Мама опасливо качнулась на стуле. Будимов глянул с живым интересом:
– Это до какой же?
– До той, когда все эти ваши "силовые ведомства" будут объявлены преступными организациями. Как в свое время СС, СД и СА.
– Илья!
– мама привстала.
– Да ладно, пусть выговорится, - махнул рукой Будимов.
– Ты, Илья, только в другом месте этого не скажи.
– А я уже сказал.
– Где?
– В машине. Этому мордастому сержанту...
– Ну, ему-то что! Он утрется... А ты все же не забывай, что и отец твой был милиционером.
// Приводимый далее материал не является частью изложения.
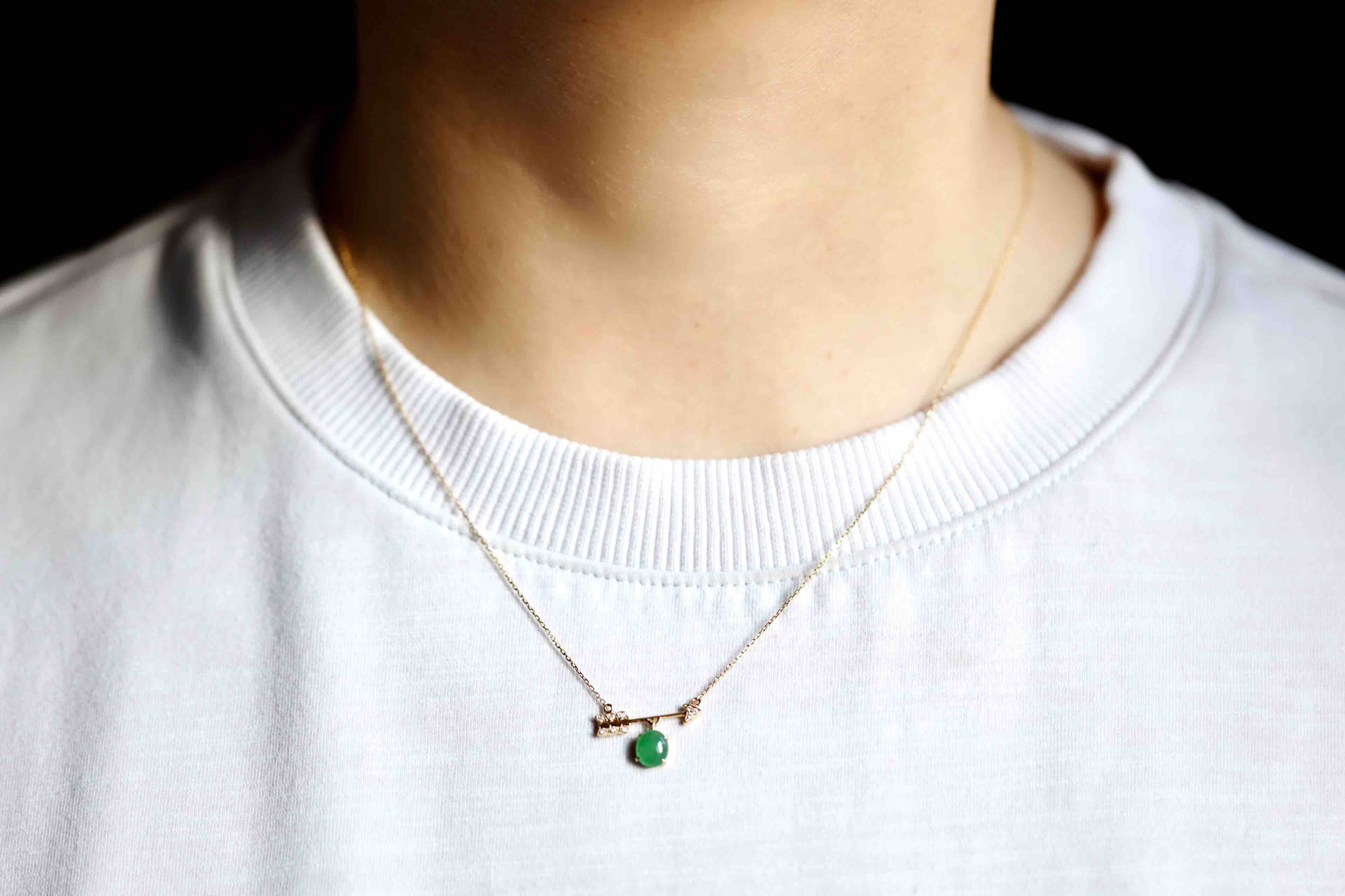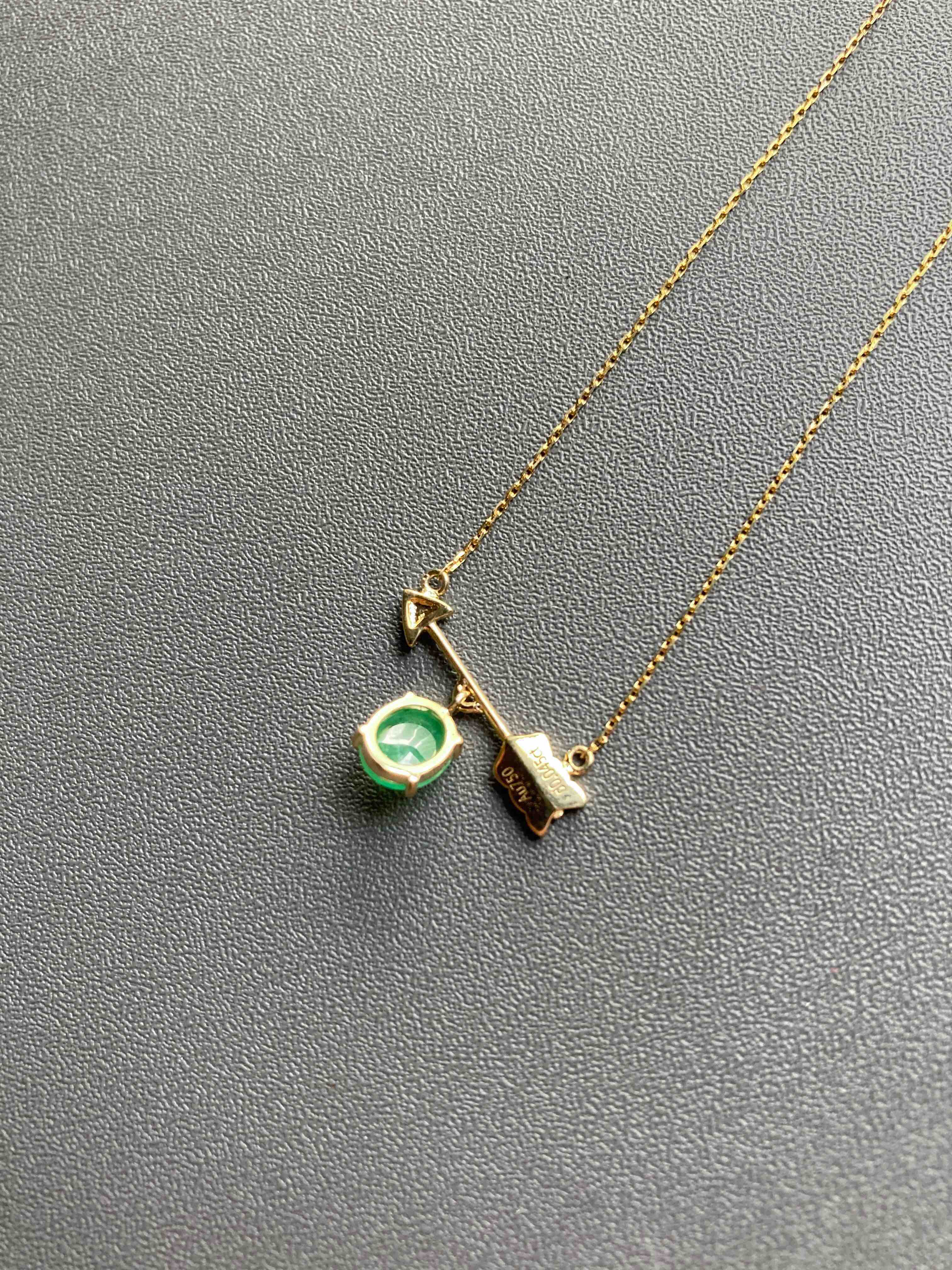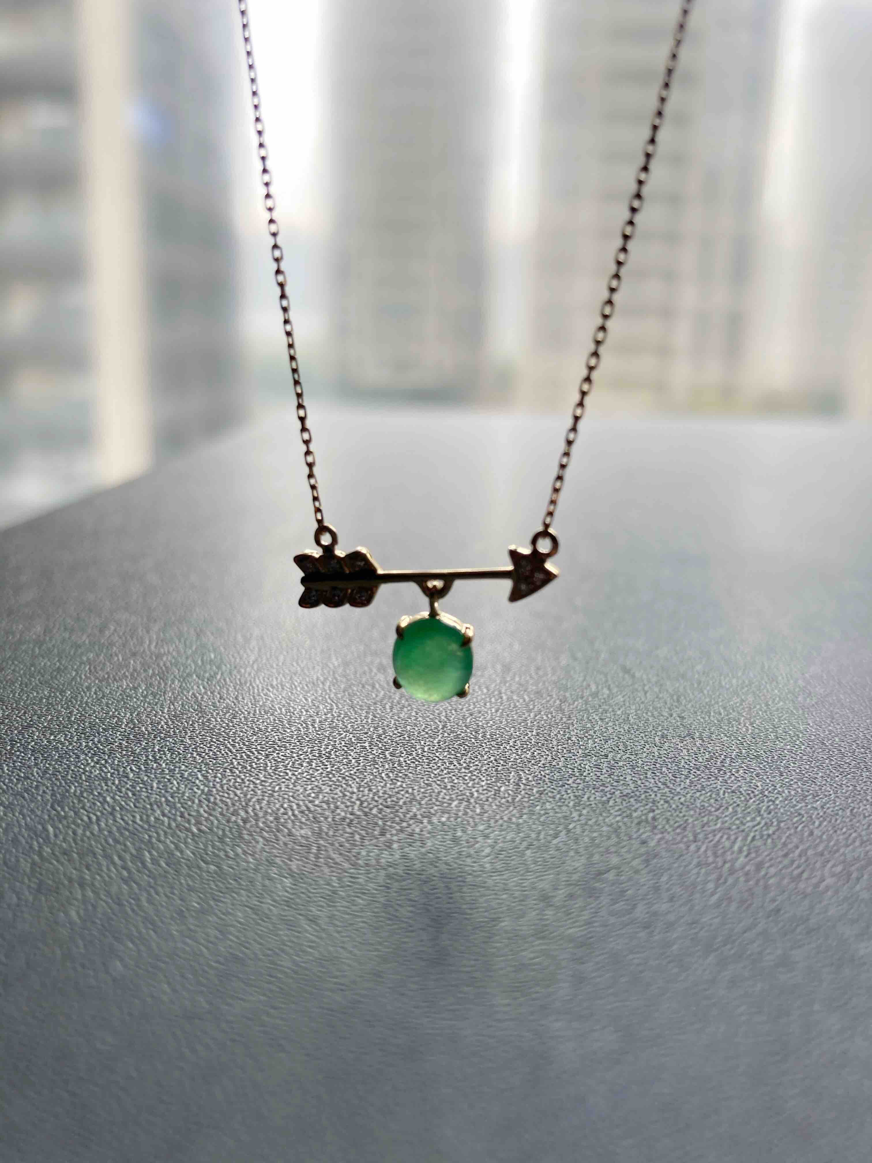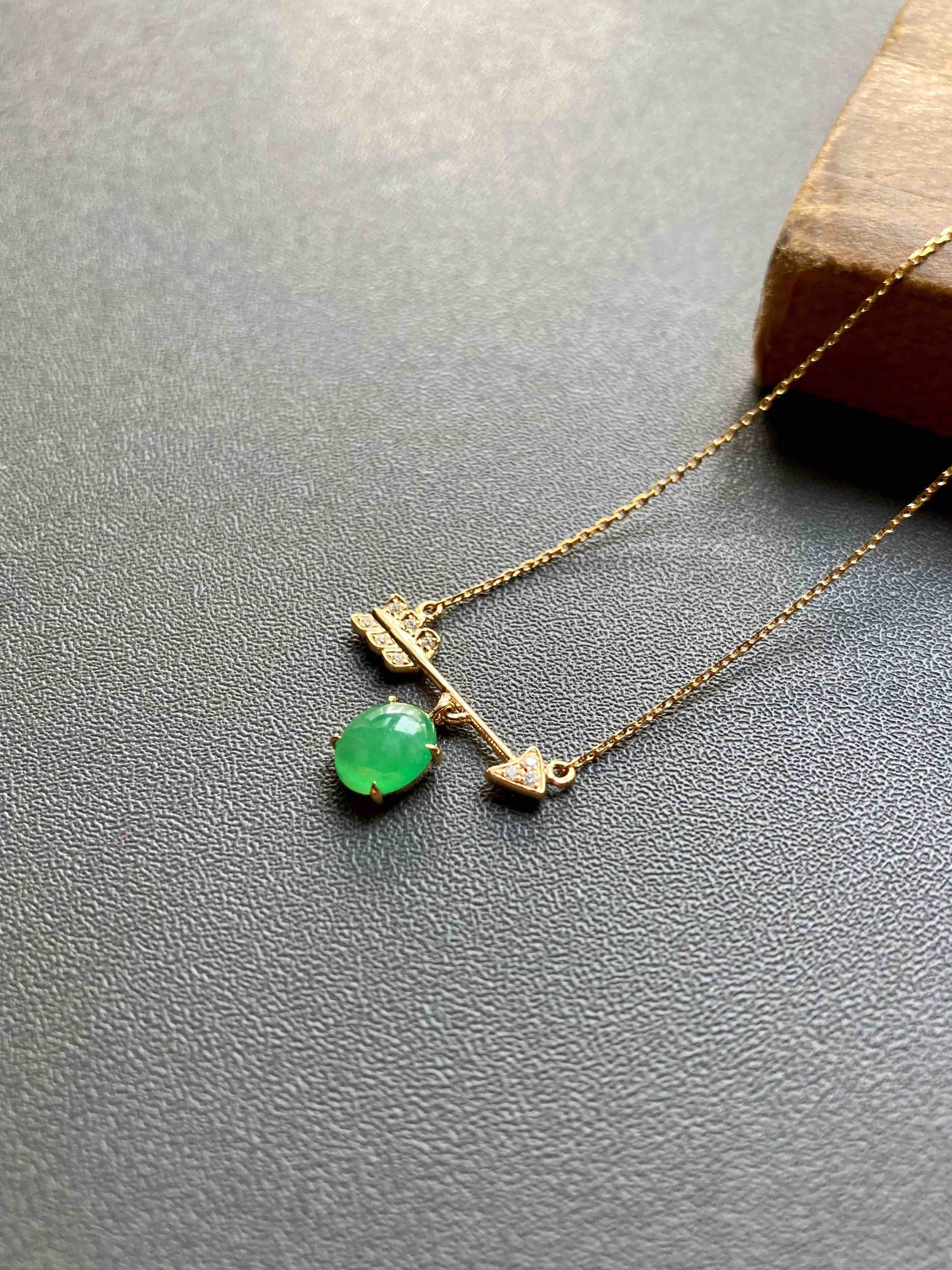 萌萌的阳绿翡翠蛋面锁骨链,缅甸料,蛋面品质特别好,种水晶莹剔透,阳绿艳丽,一支丘比特爱神之箭,设计风格时尚简约,翡翠禄来原创设计系列,只要小四价位你就可以拥有一件设计师作品,还是冰种阳绿翡翠蛋面打造,全18k金钻石镶嵌,实在太划算啦。蛋面6.5×5.8×3mm,链长40cm加5cm延长链

– Был да перестал... как раз поэтому.
– В общем-то да... И ты, Илья Сергеевич, достойный наследник своего папы. Он всю жизнь кидался в бой за идеи, без щита и забрала...
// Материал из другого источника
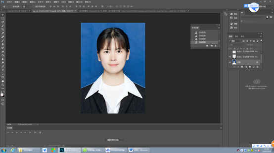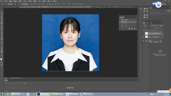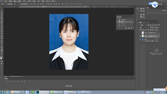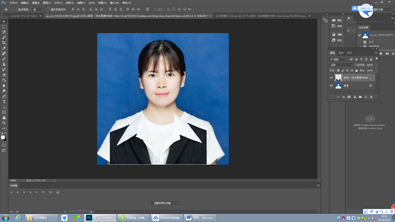第4步:利用图章工具将多出的部分擦除,整个证件照就完成了。
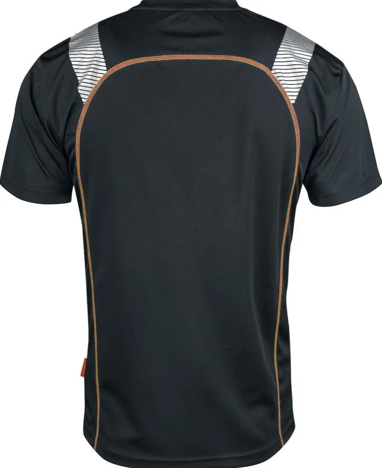 T-paita joustavasta polyesteristä, jonka hihat ja sivukappaleet ovat pehmeää interlock-neulosta ja etu- ja takaosa kosteutta siirtävää verkkoneulosta. Spun Dye on ympäristöystävällisempi värjäysmenetelmä, jossa käytetään vähemmän vettä ja joka säästää energiaa sekä vähentää valmistuksessa käytettävien kemikaalien määrää.
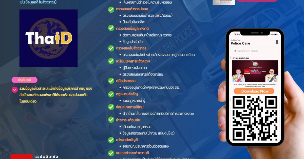 หนึ่งในฟังก์ชันที่มีความสำคัญอย่างยิ่ง คือ เมนู แจ้งอายัดบัญชีด้วยตนเอง ซึ่งได้รวบรวมเบอร์ศูนย์ Hotline (AOC) ของธนาคารทุกแห่ง เพื่อให้ผู้เสียหาย จากอาชญากรรมออนไลน์สามารถติดต่ออายัดบัญชีได้ทันที ลดความเสียหายและเพิ่มโอกาสในการติดตามทรัพย์สินคืน”สำนักงานตำรวจแห่งชาติยืนยันว่าPolice Care ไม่ใช่เพียงแอปข่าวสารแต่เป็นเครื่องมือเชิงปฏิบัติที่ช่วยเชื่อมโยงประชาชนกับตำรวจอย่างใกล้ชิดโปร่งใส และทันสถานการณ์ สอดรับกับนโยบายตำรวจดิจิทัลที่มุ่งเน้นการบริการประชาชนเป็นศูนย์กลาง”
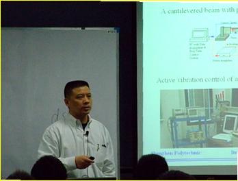 宋博士详细介绍了结构振动控制基本原理、经典控制理论、智能材料压电陶瓷的性能及其应用,并就明年3月份在美国举行的震动控制比赛事宜作了说明。他通过录像等多媒体形式让大家更为直观地了解了智能材料压电陶瓷和控制器的工作原理,并用Matlab编程进行现场演示,将大量的国际先进知识、理念和成果带给了我院师生。最后,我院师生就感兴趣的问题与宋博士进行了交流,提问十分踊跃。通过交流,大家及时了解了国际前沿研究成果。(机电工程学院党办)
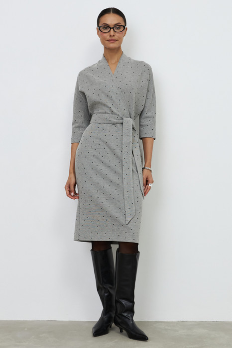 Платье из эластичного полотна. Изделие свободное в верхней части и прилегающее в области талии и бёдер. Лиф изделия оригинального кроя в стиле кимоно. Цельнокроеная стойка переходящая в запах, визуально делает фигуру стройнее. По центру задней части платья выполнен шов, снизу небольшой разрез. В комплекте пояс. В таблице размеров представлены параметры человека, а не изделия.
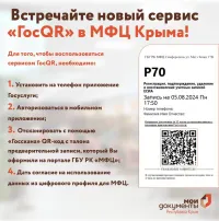 «ГосQR»- это уникальный пилотный проект Минцифры России, который позволит клиентам значительно сэкономить время при посещении МФЦ. Теперь данные из в цифрового профиля клиента будут автоматически передаваться в информационную систему центра «Мои Документы», исключая вероятность ошибок при заполнении заявок., передает КерчьФМ.
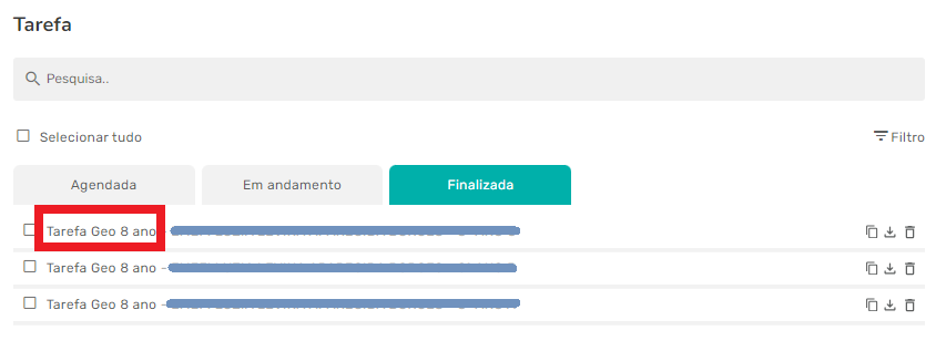 Passo 4 - Verifique o status da atividade. Neste exemplo, será mostrado o status de atividades já finalizadas. Agora basta clicar no nome da atividade;

– И потому у него не открылся парашют. Да?
– негромко, но со звоном сказал Илья.
И ушел назад, за дверь. Будимов странно дернулся и приоткрыл рот. Мама уронила вдоль стула руки.
Потом она провожала Будимова, извинялась за Илью и была совсем не такая, как в начале разговора. Виноватая и суетливая (мне даже обидно сделалось). Вернувшись в большую комнату, мама принялась неуверенно ругать Илью. Как, мол, он так мог вести себя с Виктором Викторовичем, который по сути дела спас его...
Илья огрызался из "детской":
– Потому что он такой же, как они. И спас по знакомству, а не ради справедливости... Ты посмотри, мы живем как в оккупированной стране. На каждом углу эти, обвешаны дубинками, наручниками, рациями, пистолетами, как новогодние елки игрушками. Сирены их воют на улицах без умолку. А какой прок? Хоть одно заказное убийство раскрыто? Валютчики нагло торчат на каждом углу, наркотиками торгуют в любом квартале, бандюги открыто разъезжают на мерседесах, а они с ними за ручку здороваются! Даже в "Криминальной панораме" это показывали... А ты знаешь, как их следователи выбивают показания? Слышала, что такое "слоники" и "ласточки"?..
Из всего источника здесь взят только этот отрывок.